Metadata-Version: 2.4
Name: flashtext-i18n
Version: 3.1.1
Summary: Extract/Replace keywords in sentences. Fork with internationalization fixes for CJK and Unicode.
Home-page: https://github.com/termdock/flashtext-i18n
Author: termdock & Huang Chung Yi
Author-email: termdock & Huang Chung Yi <cyh@hcytlog.com>
Maintainer: termdock & Huang Chung Yi
Maintainer-email: termdock & Huang Chung Yi <cyh@hcytlog.com>
License: MIT
Project-URL: Homepage, https://github.com/termdock/flashtext-i18n
Project-URL: Repository, https://github.com/termdock/flashtext-i18n.git
Project-URL: Issues, https://github.com/termdock/flashtext-i18n/issues
Project-URL: Changelog, https://github.com/termdock/flashtext-i18n/releases
Keywords: flashtext,keyword extraction,keyword replacement,NLP,CJK,i18n,unicode
Platform: any
Classifier: Development Status :: 5 - Production/Stable
Classifier: Intended Audience :: Developers
Classifier: Operating System :: OS Independent
Classifier: Programming Language :: Python
Classifier: Programming Language :: Python :: 3
Classifier: Programming Language :: Python :: 3.8
Classifier: Programming Language :: Python :: 3.9
Classifier: Programming Language :: Python :: 3.10
Classifier: Programming Language :: Python :: 3.11
Classifier: Programming Language :: Python :: 3.12
Classifier: Programming Language :: Python :: 3.13
Classifier: Natural Language :: Chinese (Simplified)
Classifier: Natural Language :: Chinese (Traditional)
Classifier: Natural Language :: Japanese
Classifier: Natural Language :: Korean
Classifier: Topic :: Text Processing :: Linguistic
Classifier: Topic :: Software Development :: Libraries :: Python Modules
Requires-Python: >=3.8
Description-Content-Type: text/markdown
License-File: LICENSE
Dynamic: author
Dynamic: home-page
Dynamic: license-file
Dynamic: maintainer
Dynamic: platform
Dynamic: requires-python

# FlashText i18n

A maintained fork of [FlashText](https://github.com/vi3k6i5/flashtext) with internationalization and Unicode fixes.

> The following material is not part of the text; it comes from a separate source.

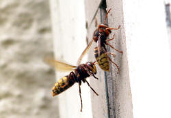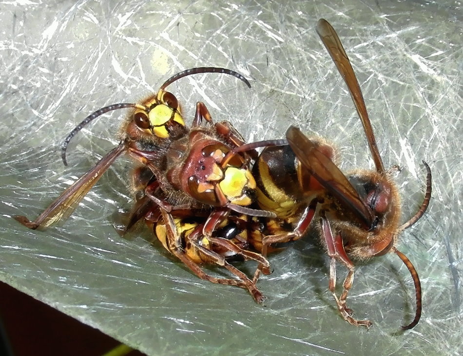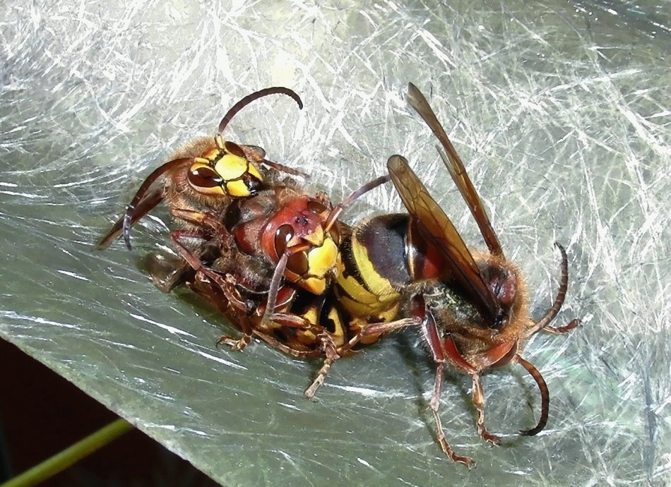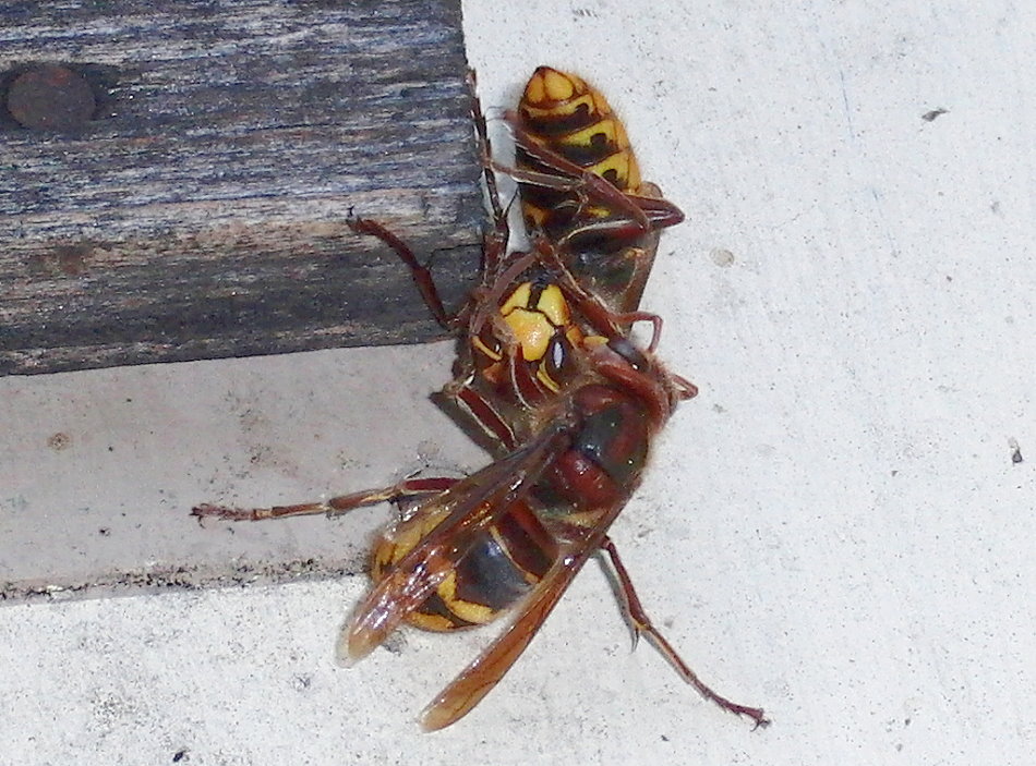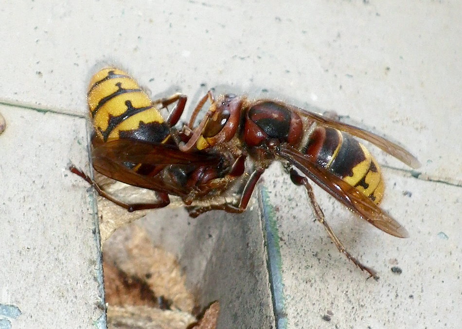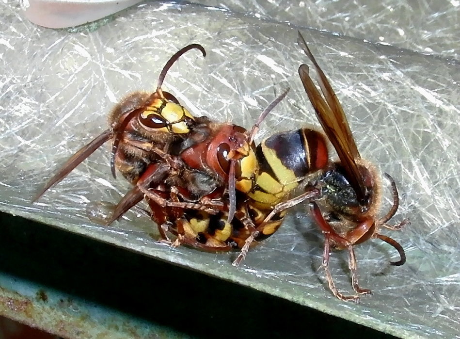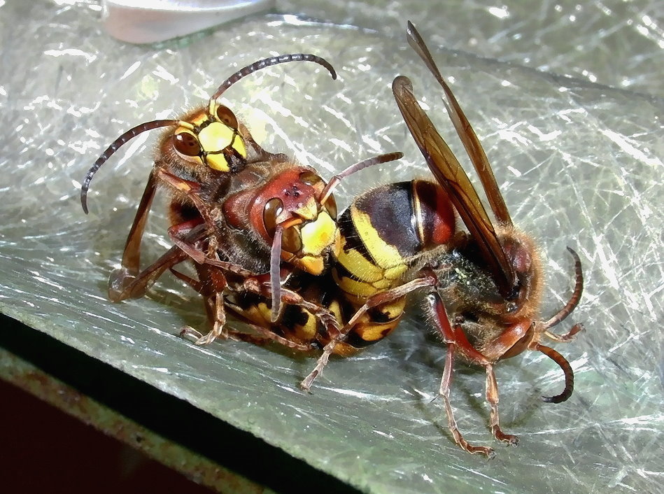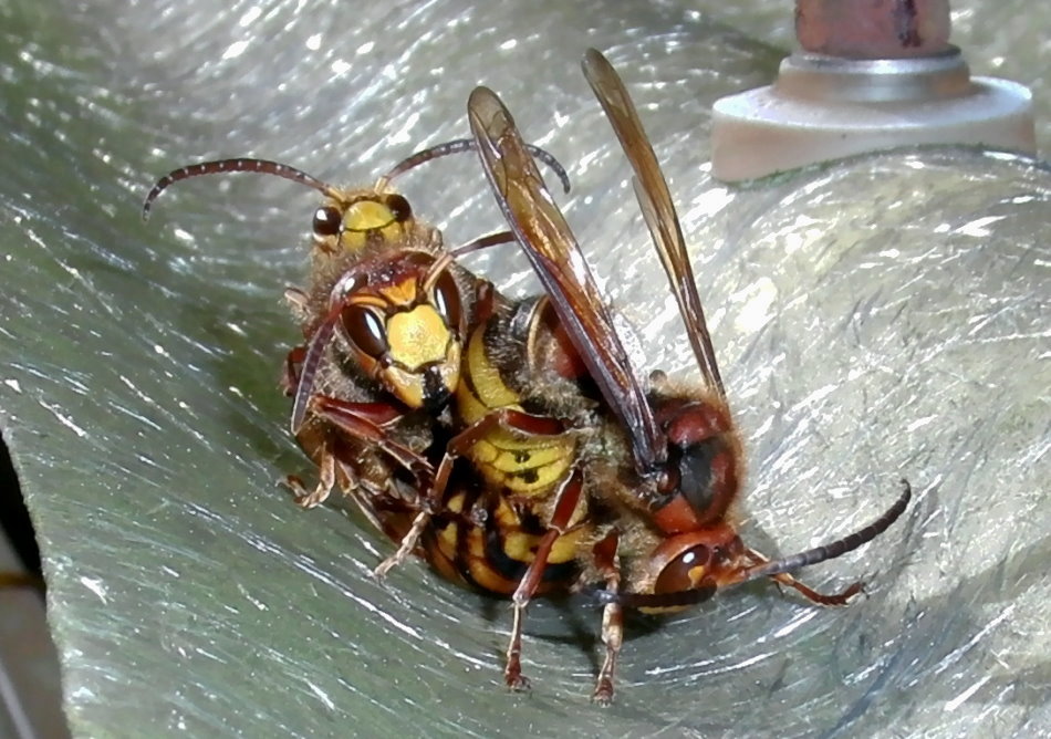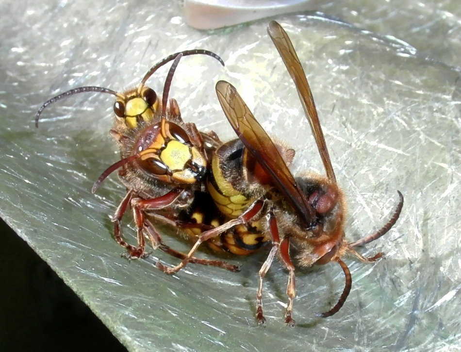 Hornissenkönigin, die mit ihrem "Bräutigam" nicht zimperlich umgeht.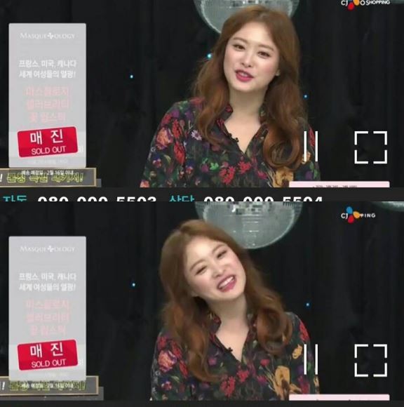 게재된 사진 속에는 심진화가 한 홈쇼핑 방송에서 쇼호스트로 출연하고 있으며 판매 중인 립스틱이 매진됐다는 글귀가 눈길을 끌었다.

[![PyPI version](https://badge.fury.io/py/flashtext-i18n.svg)](https://badge.fury.io/py/flashtext-i18n)
[![Python Versions](https://img.shields.io/pypi/pyversions/flashtext-i18n.svg)](https://pypi.org/project/flashtext-i18n/)
[![License: MIT](https://img.shields.io/badge/License-MIT-yellow.svg)](https://opensource.org/licenses/MIT)

## Why This Fork?

The original FlashText is no longer actively maintained and has several bugs with international text:

- **CJK languages**: Adjacent keywords not extracted (Chinese, Japanese, Korean)
- **Unicode case folding**: Wrong span positions for characters like Turkish `İ`
- **Non-ASCII boundaries**: Various edge cases with international characters

This fork aims to fix these issues while maintaining full API compatibility.

## Fixed in v3.0.0

### International Word Boundaries (New in v3.1.0-dev)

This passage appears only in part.